§ Aim of the exercise
Exactly as they appear, write the lines from the one containing "Below are the" to the final line of the entries, leaving pictures out.

§ Stored data
=======

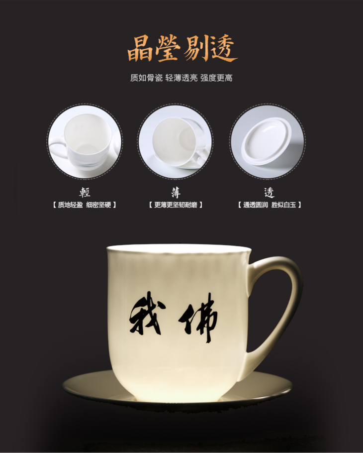 我佛瓷杯 骨瓷双盖杯 陶瓷水杯
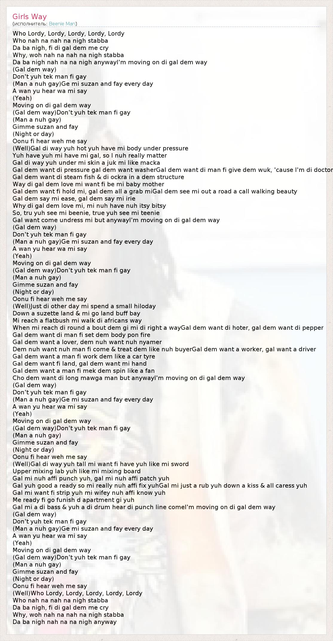 Da ba nigh nah na na nigh anywayI'm moving on di gal dem way
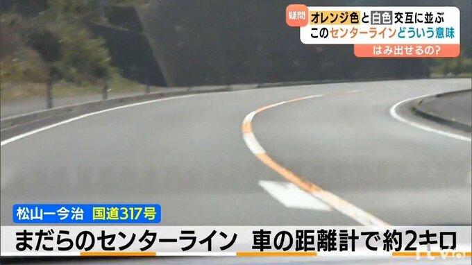 その一部に、車の距離計でおよそ2キロ、まだらのセンターラインが引かれています。
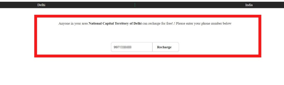 Following this, a message appeared on screen, saying ” Anyone in your area National Capital Territory of Delhi can recharge for free!.! Please enter your phone number below ” with space to fill the number.
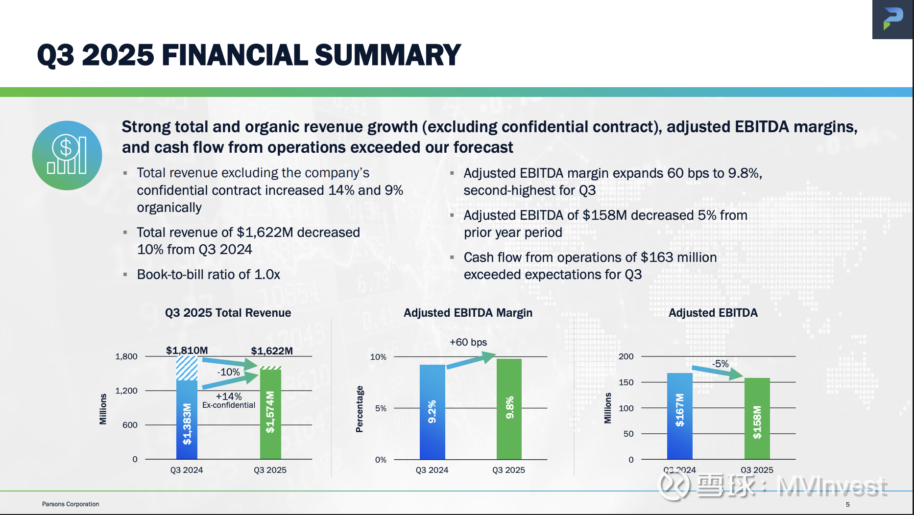 $Parsons(PSN)$ 首席执行官 Carey Smith 表示,公司业绩持续强劲,强调“在剔除保密合约的情况下,我们实现了行业领先的有机营收增长,大幅提升了调整后EBITDA利润率,超出现金流预期,并赢得多项战略合同。”
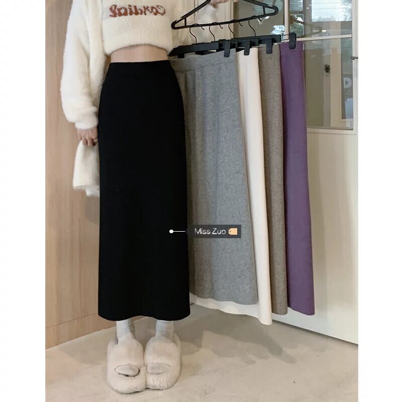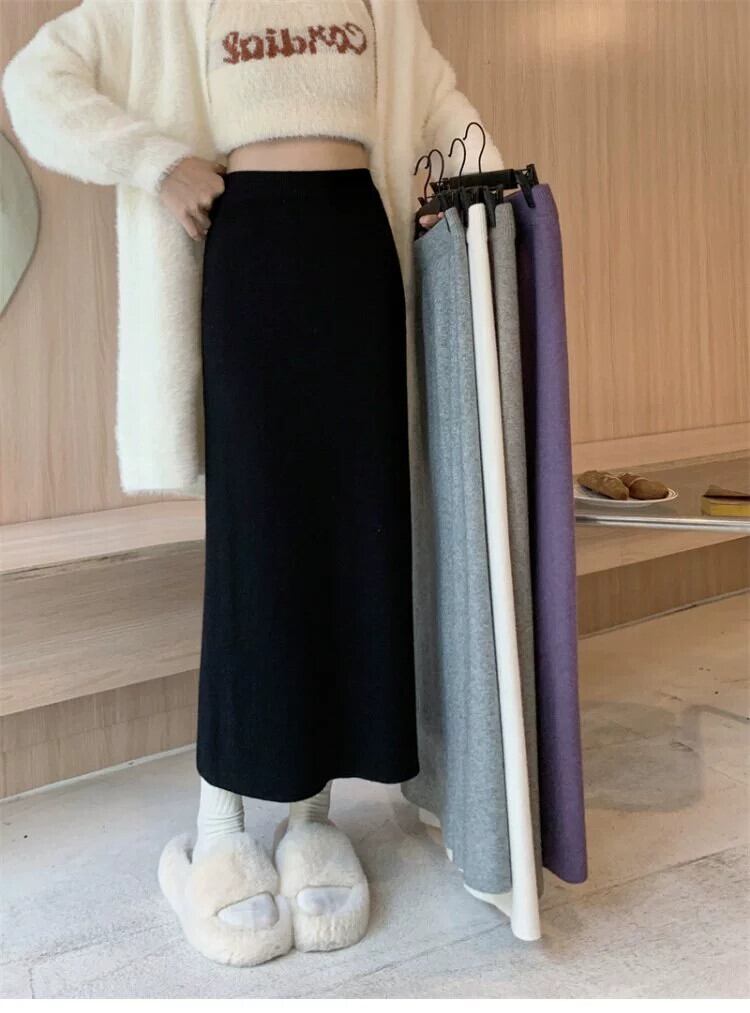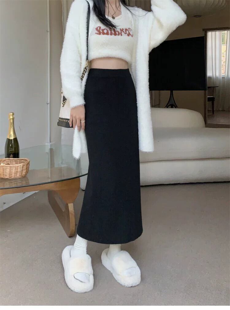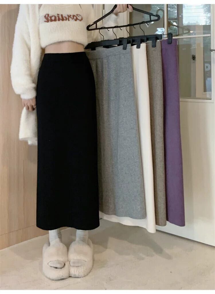 黒ニットスカート女性の秋のストレートヒップハグスカート 2024 新しいハイウエスト A ラインスカートロングスカート小人 ブラック オータム 秋物 Aライン 8571618318407123
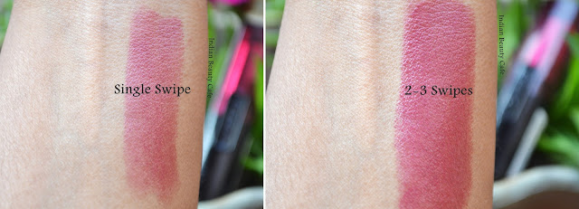 Below are the swatches. It is opaque in 1 swipe. You can also add layers to intensify the color, so buildable coverage! Feels very light on lips too!
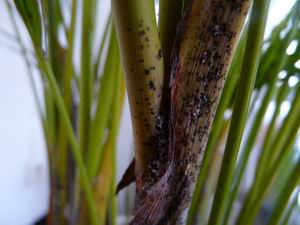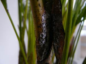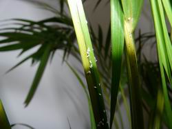 j'ai un areca qui a quelques soucis. Il y a des petites choses blanches sur la base des tiges et qui ont l'air de monter lentement mais surement.

=======

§ Written solution
 Below are the swatches. It is opaque in 1 swipe. You can also add layers to intensify the color, so buildable coverage! Feels very light on lips too!
 j'ai un areca qui a quelques soucis. Il y a des petites choses blanches sur la base des tiges et qui ont l'air de monter lentement mais surement.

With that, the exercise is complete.